Tout d’abord, il ressort du témoignage des locateurs que le père de la locatrice (le Père) n’avait pas l’intention d’habiter le Logement de façon permanente ; il en aurait eu besoin pour une période d’environ un an, « en raison de la gestion d’un projet » dans la région de Montréal. Ensuite, les locateurs soutiennent que c’est en raison d’un changement de projet du Père que ce dernier n’a finalement jamais non plus habité dans le Logement à temps plein, une fois celui-ci rénové, mais ils ne fournissent aucune preuve relativement à ce changement de projet et le Père n’a pas témoigné. Au surplus, le Tribunal accorde peu de crédibilité à leurs témoignages. Leur version des faits apparaît cousue de fils blancs et est en contradiction avec les propos qu’ils ont publiés sur leur compte Instagram et ce qui a été rapporté dans l’article du journal Métro. À cela s’ajoute une trame factuelle qui paraît orchestrée. À titre d’exemple, les locateurs terminent les rénovations au Logement le 15 juin 2021, selon ce qu’ils ont publié sur Instagram. Or, c’est au même moment qu’ils apprennent que, en raison d’« un changement impromptu » dans les besoins du Père, celui-ci n’habitera pas le Logement à temps plein ; il ne l’habitera finalement qu’une semaine par mois, de juillet à décembre 2021. Les autres semaines, et en tout temps à compter de janvier 2022, le Logement a été offert en location sur le site Airbnb.
La preuve prépondérante établit donc que les locateurs n’ont pas eu l’intention de reprendre le Logement pour la fin annoncée, soit au bénéfice du père de la locatrice. L’ensemble des faits entendus à l’audience révèlent une négligence et une insouciance telles à l'endroit des droits d'autrui qu'il faille l’assimiler à de la mauvaise foi au sens de l'art. 1968 C.c.Q. Dans les circonstances, on ne peut que conclure à une reprise obtenue de mauvaise foi.

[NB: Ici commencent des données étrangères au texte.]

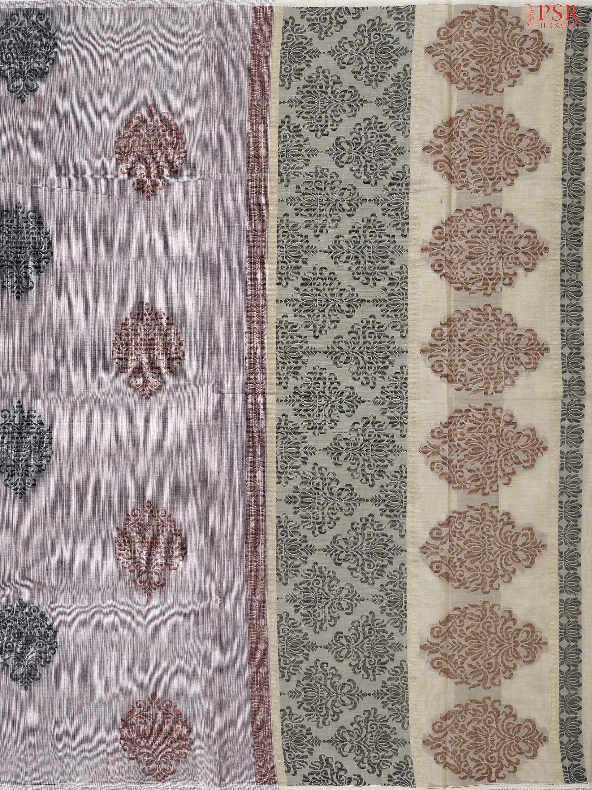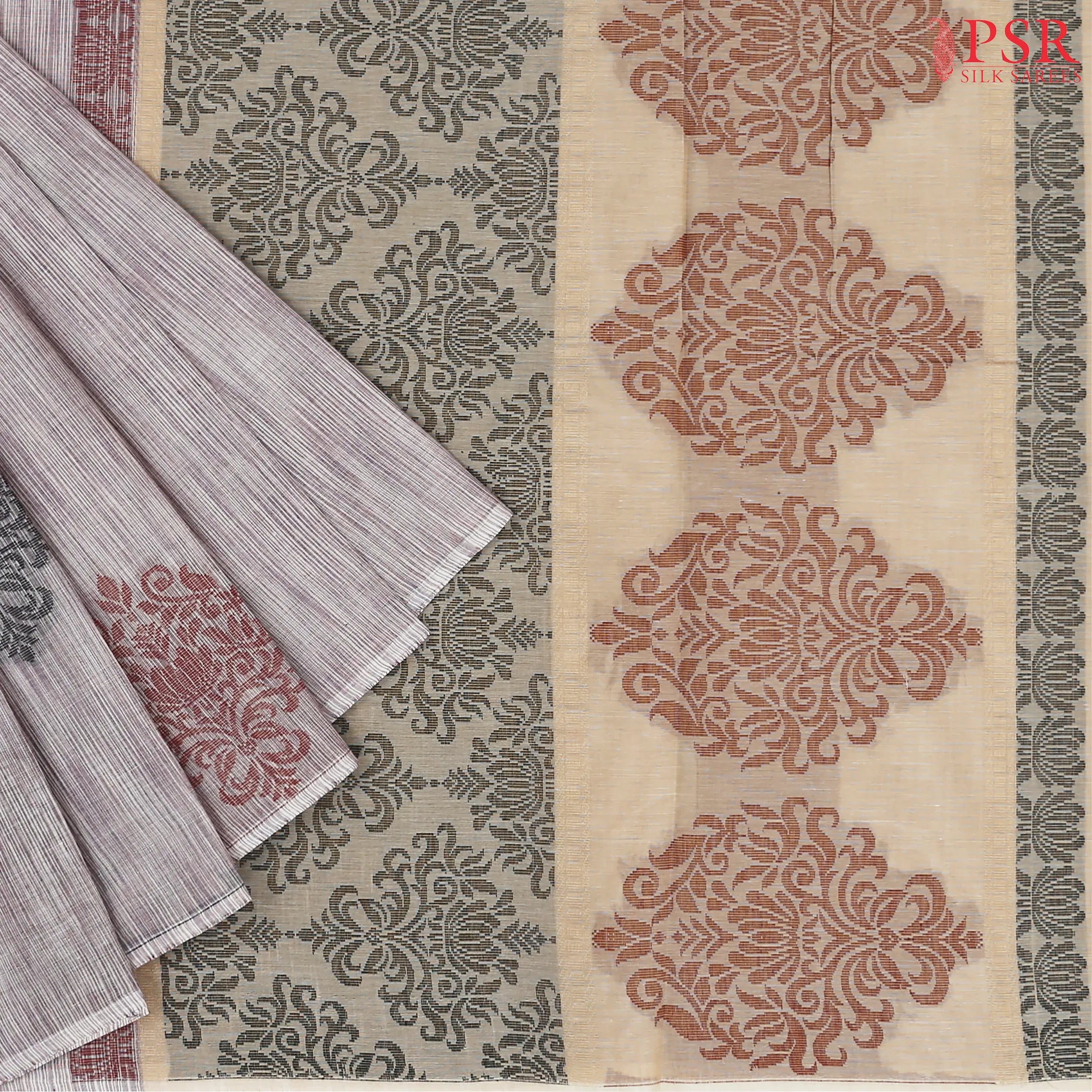 PSR Silks presents a traditional handloom Kovai Cotton saree in a captivating Dusty Mauve, beautifully weaved with Maroon & Black combination.
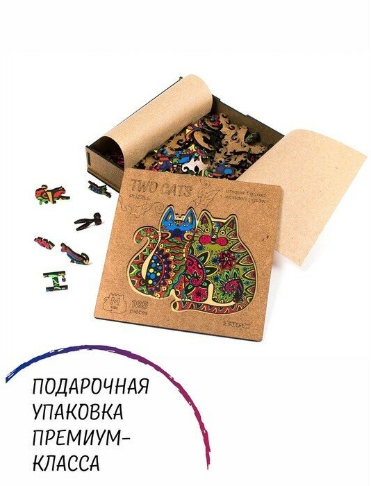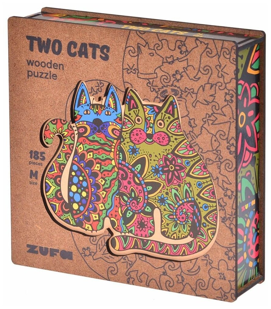 Деревянный пазл с двухслойной крышкой: Два кота (Размер М) Zufa (Z120-2)
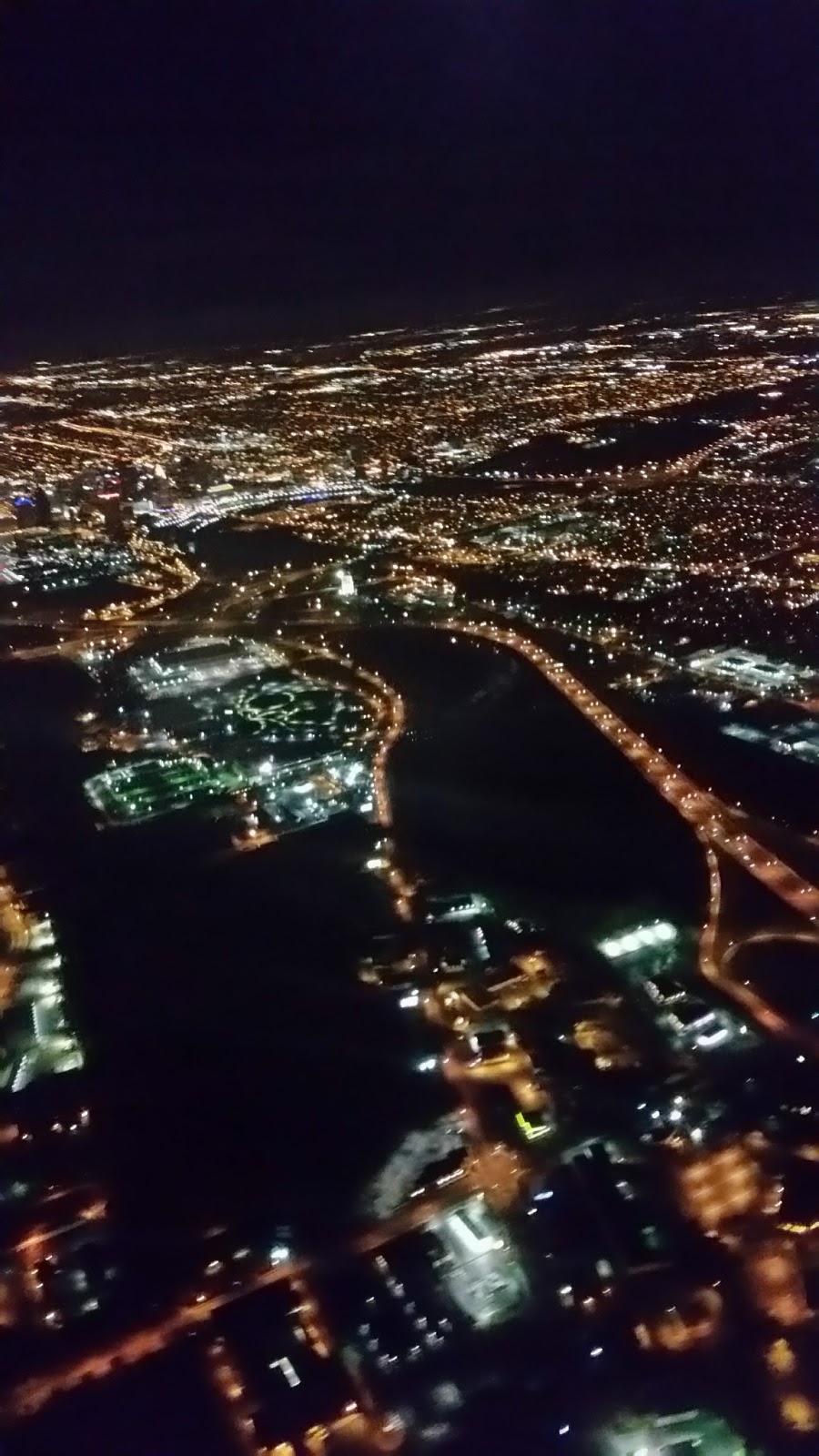 Our flight back home. It was cool to see the city lights as we descended. Don’t get to see that view everyday.
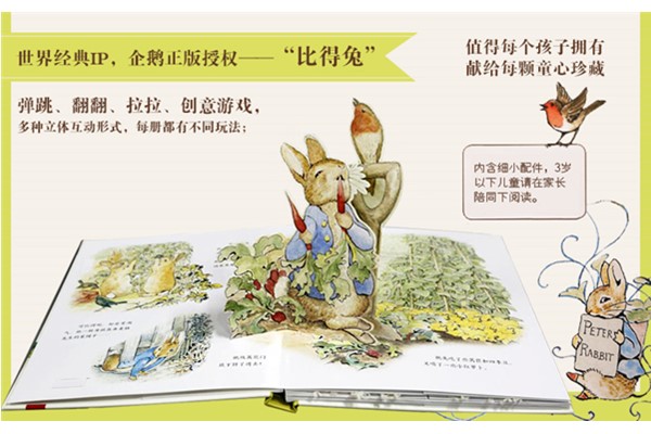 世界经典IP,企鹅正版授权——“比得兔”弹跳、翻翻、拉拉、创意游戏,多种立体互动形式,每册都有不同玩法;原版工艺,品质保证。

La locataire réclame une somme de 2 338 $ pour compenser ses dommages matériels. Cette somme correspond à l’écart entre le loyer mensuel qu’elle payait pour le Logement (855 $) et celui qu’elle paie depuis son déménagement (1 050 $), pour une période d’environ 12 mois. Cette réclamation est justifiée et elle est accueillie.

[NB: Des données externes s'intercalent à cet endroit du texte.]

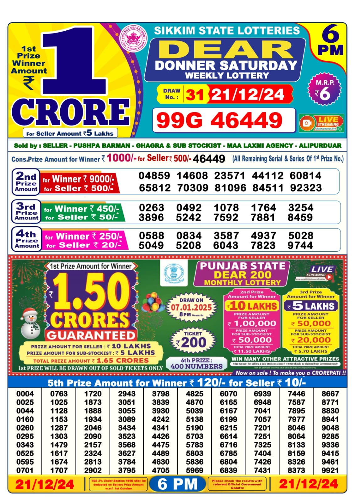 Nagaland State Lotteries was established in the year 1972 under the supervision of the Finance Department to generate a dependable source of revenue for the State Government. Nagaland State Lottery is held every day of the week at three different times of the day, Morning, Day, and Evening. Every day, the lottery is held under a different name with some difference in the prize money with the top prize worth ₹1 Crore (including Super Prize amount). The daily lotteries hosted by Nagaland State include Dear Morning Lottery, Dear Day Lottery, and Dear Evening Lottery which costs 6 Rupees for each ticket.
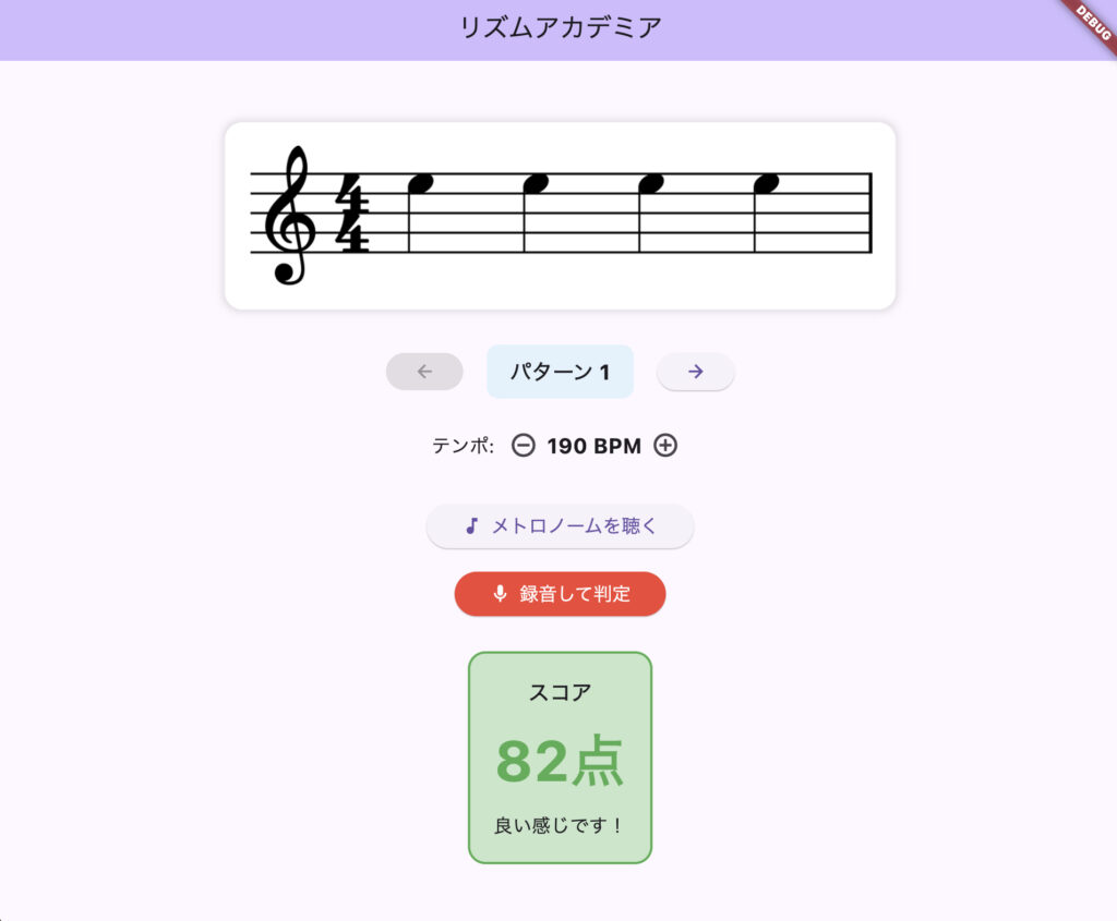 ✅ メトロノーム機能(4拍、テンポ調整可能)
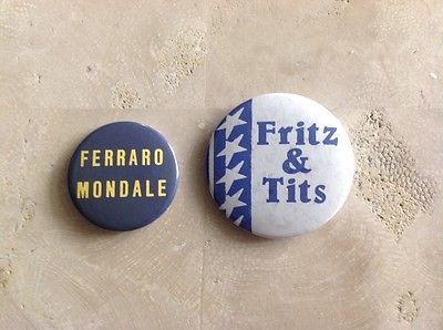 Title (ebay affiliate link): VINTAGE PRESIDENTIAL CAMPAIGN PINBACKS. MONDALE/FERRARO. 1984. LOT OF (2)
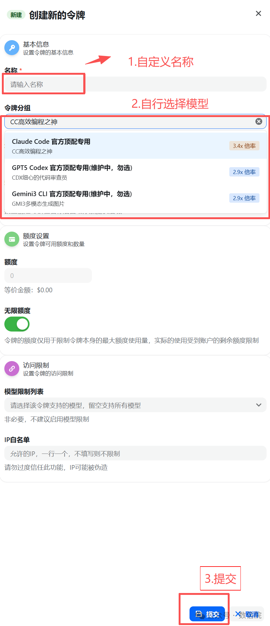 令牌分组:Claude Code 官方顶配专用(必须选择!)
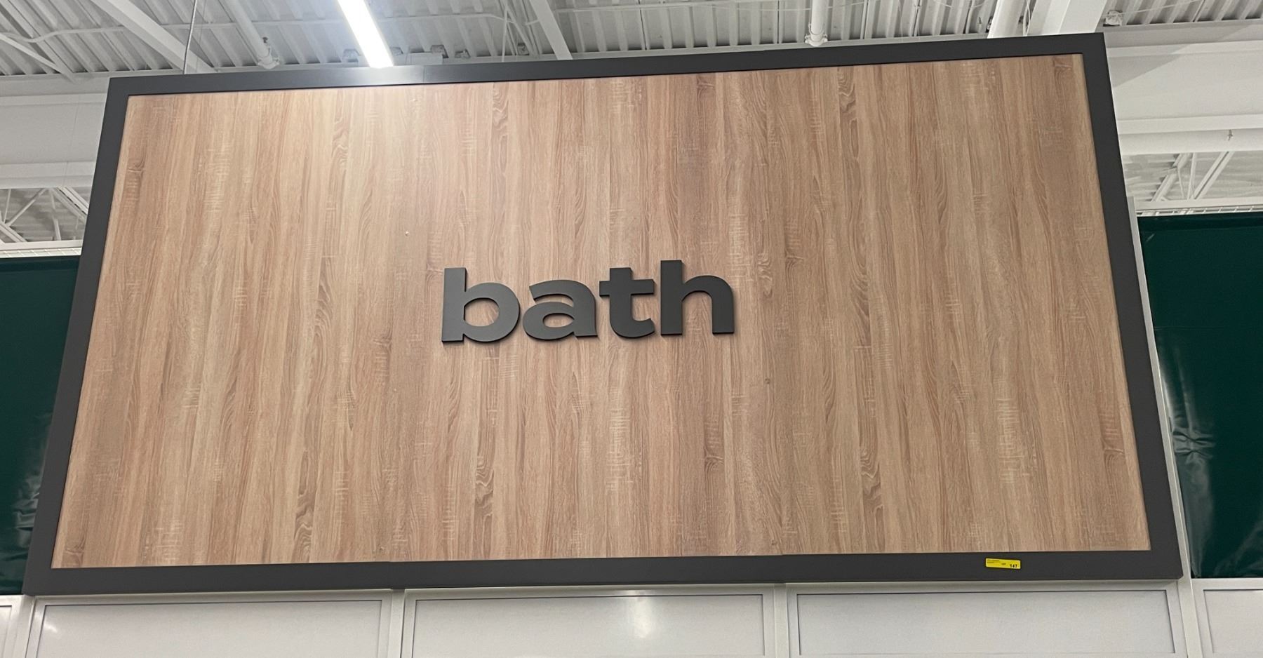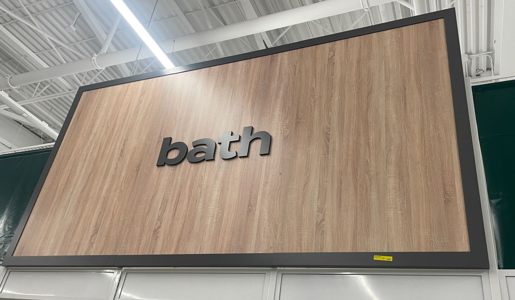 Large bath store sign (approx. 13ft W 76in H 2in D) BIDDERS ARE RESPONSIBLE FOR ALL COSTS ASSOCIATED WITH PICKUP OF THEIR LOTS INCLUDING BUT NOT LIMITED TO RENTAL OF EQUIPMENT, FORKLIFTS, LABOUR, TRUCKING, TOOLS ETC.

Pour compenser ses dommages moraux, la locataire réclame 2 500 $. Elle fait état du stress engendré pour se trouver rapidement un logement dans un contexte de pénurie de logements, d’une part, et dans un contexte de pandémie, d’autre part. Ici encore, la réclamation est justifiée et elle est accueillie.
Le Tribunal accorde aussi à la locataire les 9 600 $ réclamés à titre de dommages-intérêts punitifs ; il ne peut accorder plus que la somme réclamée.
En tout, c’est donc une somme de 14 438 $ que les locateurs devront payer à la locataire.